Tax Perks for Real Estate Investors
Real Estate Tax Tips
Looking for ways to benefit as a Real Estate Investor? Well, tax season is here and we have provided some tax tips for Real Estate Investors that will help you get the most out of your real estate holdings.
Establish an investment property as your primary residence.
If you turn your investment property into a primary residence. you can avoid capital gains tax altogether. To make this work, you must spend 2 years (or 730 days) living in the home in the last five years. The time doesn't have to be sequential. You just need to establish residency, then you're eligible to sell the home and can make up to $250,000 in capital gains ($500,000 if married filing jointly) without paying any taxes.Hold on to properties for more than a year.
TV shows glamorize quick house flipping techniques as they flip a house in a matter of weeks, however when this happens so quickly a large portion of the profit will go straight to the IRS unless you hold a property for a year or more.

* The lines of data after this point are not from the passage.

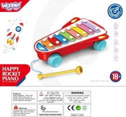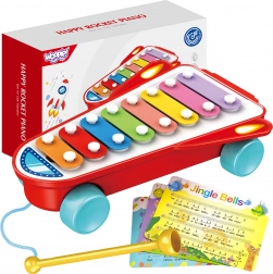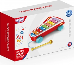 Xylofon Kosmická Raketa Červená je ideální pro děti od 18 měsíců věku. Tento dvoufunkční nástroj může sloužit také jako tahací hračka. Barevný a atraktivní design láká ke hře a díky pevným kolečkům ji děti mohou snadno tahat za sebou. Vyrobeno z bezpečných materiálů, xylofon nabízí čistý a dlouhotrvající zvuk a obsahuje 8-tónovou stupnici. Součástí balení jsou tři oboustranné notové kartičky s oblíbenými melodiemi a palička na hru.
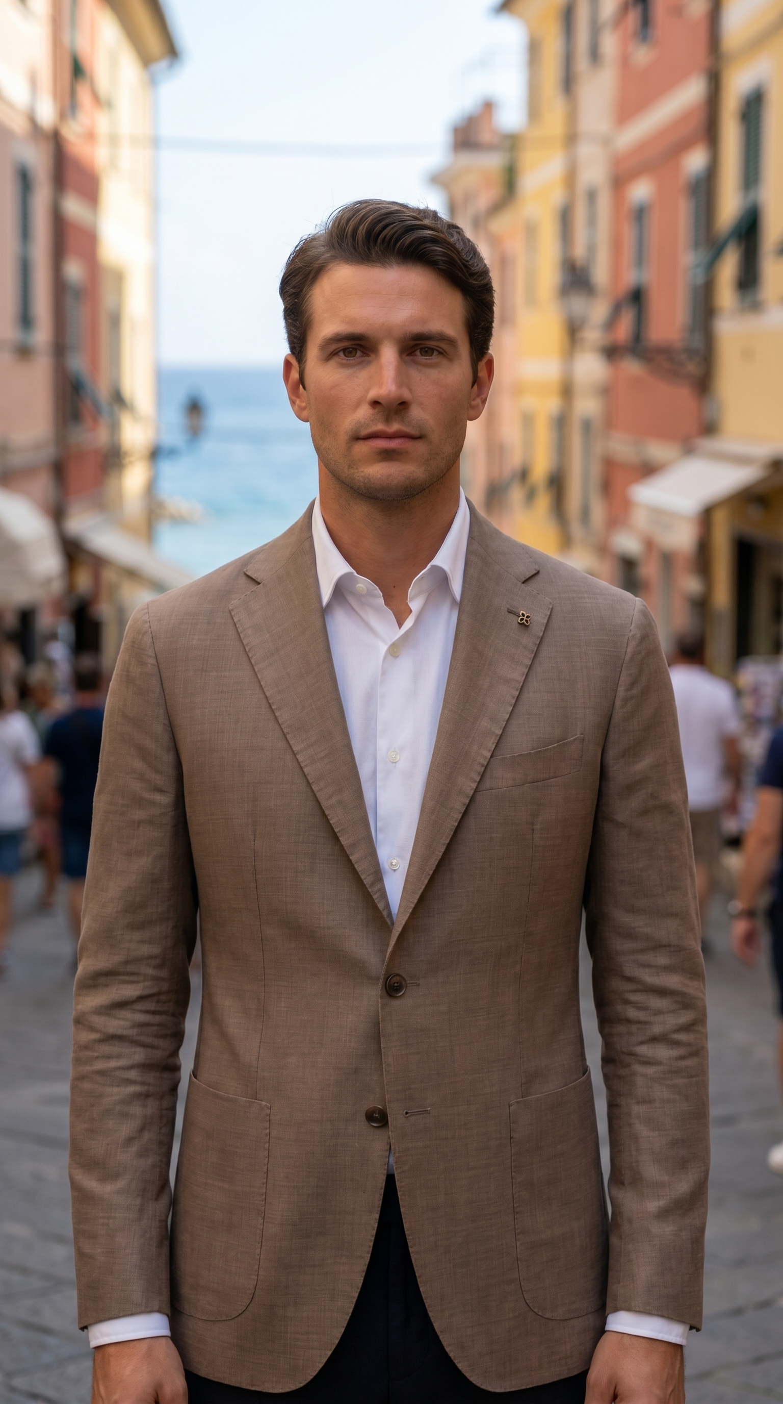 La costruzione segue i canoni delleccellenza italiana: rever classico, chiusura a due bottoni e vestibilità slim che valorizza la figura con naturalezza. Le tasche applicate aggiungono un tocco moderno, rendendo il capo versatile e adatto sia a contesti formali che casual.
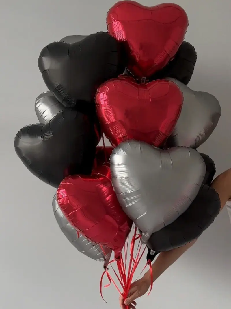 Стильна композиція з фольгованих кульок у формі серця в ефектному поєднанні червоного, чорного та срібного кольорів. Контрастна палітра виглядає яскраво, сучасно та дуже виразно, роблячи композицію ідеальним акцентом для святкового оформлення або романтичного сюрпризу.
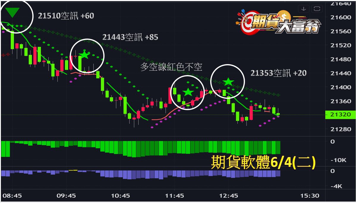 台指期今日走勢震盪向下,共有3次進場操作機會,第一次於早盤21510點出現空訊作空,直到多空線翻紅回補,獲利60點;第2次於隨後21443點出現空訊作空,直到多空線翻紅回補,獲利85點;第3次於午盤21353點出現空訊作空,到接近收盤前以市價回補,獲利約20點;統計今日操作共可獲利185點。

Captial gain is considered to be any investment profit and is tax based on the amount of time you've owned the property and on your income.
Be prepared for business taxes.
Don't be surprised if the IRS consider your several real estate transactions per year as business or trade rather than an investment strategy. While the circumstances may vary from case to case, if you're earning more than half of your income from real estate, your earnings will change from 'capital gains' to a means of producing income that's subject to ordinary tax rates. Plus, there's an additional 15.3 percent in self-employment taxes.
Do a like-kind exchange.
A like-kind exchange is a good option if you are wanting to avoid capital gains taxes, but you want to get a new property. The provision (also known as section 1031 exchange) allows you to 'exchange' one property for another of similar value and defer the tax bill.
Both the property you give up and the one you receive must be used for investment purposes, trade or business in order to qualify. The exchange of any real estate for another piece of real estate, regardless of either's quality is like-kind. It also must be 'like-kind,' or an exchange of two. While you can exchange a parcel of land in the city for a dairy farm in the country, you couldn't exchange that same city parcel for say, a flat-bed truck.